Double Integrator#
Environment Definition#
[1]:
import logging
import numpy as np
from do_dpc.control_utils.lti_systems import create_1D_double_integrator
# Removes the INFO logging
logging.getLogger().setLevel(logging.WARNING)
noise_config = {
"meas_noise_std": np.array([0.01]),
"process_noise_std": np.array([0.01, 0.005]),
"meas_noise_seed": 6423,
"process_noise_seed": 6211,
}
env = create_1D_double_integrator(**noise_config)
Training Data Collection#
[2]:
from do_dpc.control_utils.trajectory_collector import collect_trajectory_data
from do_dpc.control_utils.pid_profiles import ONE_D_DOUBLE_INT_PID_COMBO
from do_dpc.utils.plots import plot_training_data
n_samples = 1000
pid_combo = ONE_D_DOUBLE_INT_PID_COMBO
_, m, p = env.get_dims()
training_data = collect_trajectory_data(env, m, p, pid_combo)
plot_training_data(training_data)
Collecting Training Data: 100%|██████████| 1000/1000 [00:00<00:00, 10039.24it/s]
Online DPC Application#
[3]:
from tqdm import tqdm
from do_dpc.control_utils.trajectory_collector import TrajectoryCollector
from do_dpc.control_utils.control_structs import Bounds
from do_dpc.dpc.tpc import TPC
from do_dpc.dpc.dpc_structs import DPCParameters
n_sim = 10
traj_col = TrajectoryCollector(m, p, n_sim)
dpc_params = DPCParameters(Q=np.diag([100, 1]), R=0.001 * np.eye(1), tau_p=3, tau_f=3)
ctrl_inst = TPC(dpc_params, training_data)
input_bounds = Bounds(max_values=np.array([10]), min_values=np.array([-20]))
ctrl_inst.add_input_constraints(input_bounds)

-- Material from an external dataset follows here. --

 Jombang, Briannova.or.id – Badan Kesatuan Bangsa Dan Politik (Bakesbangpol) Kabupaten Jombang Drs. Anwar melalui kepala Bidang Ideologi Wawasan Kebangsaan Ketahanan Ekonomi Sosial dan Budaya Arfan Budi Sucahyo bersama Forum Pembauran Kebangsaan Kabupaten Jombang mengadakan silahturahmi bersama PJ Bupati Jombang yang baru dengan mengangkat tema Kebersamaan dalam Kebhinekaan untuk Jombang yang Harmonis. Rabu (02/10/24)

ctrl_inst.build_optimization_problem()
y_r = np.array([7, 1])
u_r = np.zeros((1,))
ctrl_inst.update_tracking_reference(y_r, u_r)
u_next, y_current, y_prev = np.zeros((m,)), env.step(np.zeros((m,))), env.step(np.zeros((m,)))

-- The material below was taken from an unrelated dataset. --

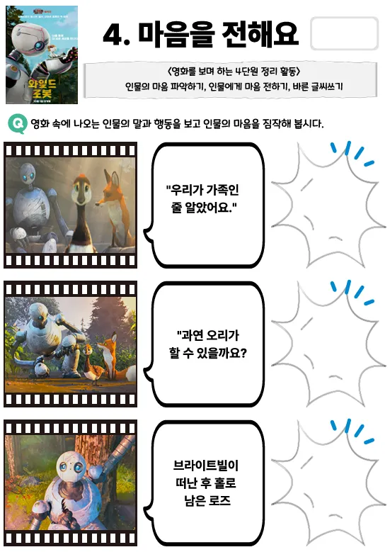 영화 와일드로봇 감상 활동지(국어2학년2학기 4단원 마무리)

for _ in tqdm(range(n_sim), desc="Running Simulation", ncols=80):
traj_col.store_measurements(y_prev, u_next)
z_p_current = np.concatenate((y_prev, u_next))
ctrl_inst.update_past_measurements(z_p_current)
ctrl_inst.solve()
u_next = ctrl_inst.get_next_control_action()
y_prev, y_current = y_current, env.step(u_next)
sim_data = traj_col.get_trajectory_data()
print("Running of the DPC algorithm complete")
Running Simulation: 100%|██████████████████████| 10/10 [00:00<00:00, 145.18it/s]
Running of the DDPC algorithm complete
Analyse and Data Visualization#
[4]:
u_sim = sim_data.u
within_bounds = np.all((u_sim >= input_bounds.min_values) & (u_sim <= input_bounds.max_values))
if within_bounds:
print("All values in u_sim are within the specified bounds.")
else:
print("Some values in u_sim are out of the specified bounds.")
plot_training_data(sim_data)
All values in u_sim are within the specified bounds.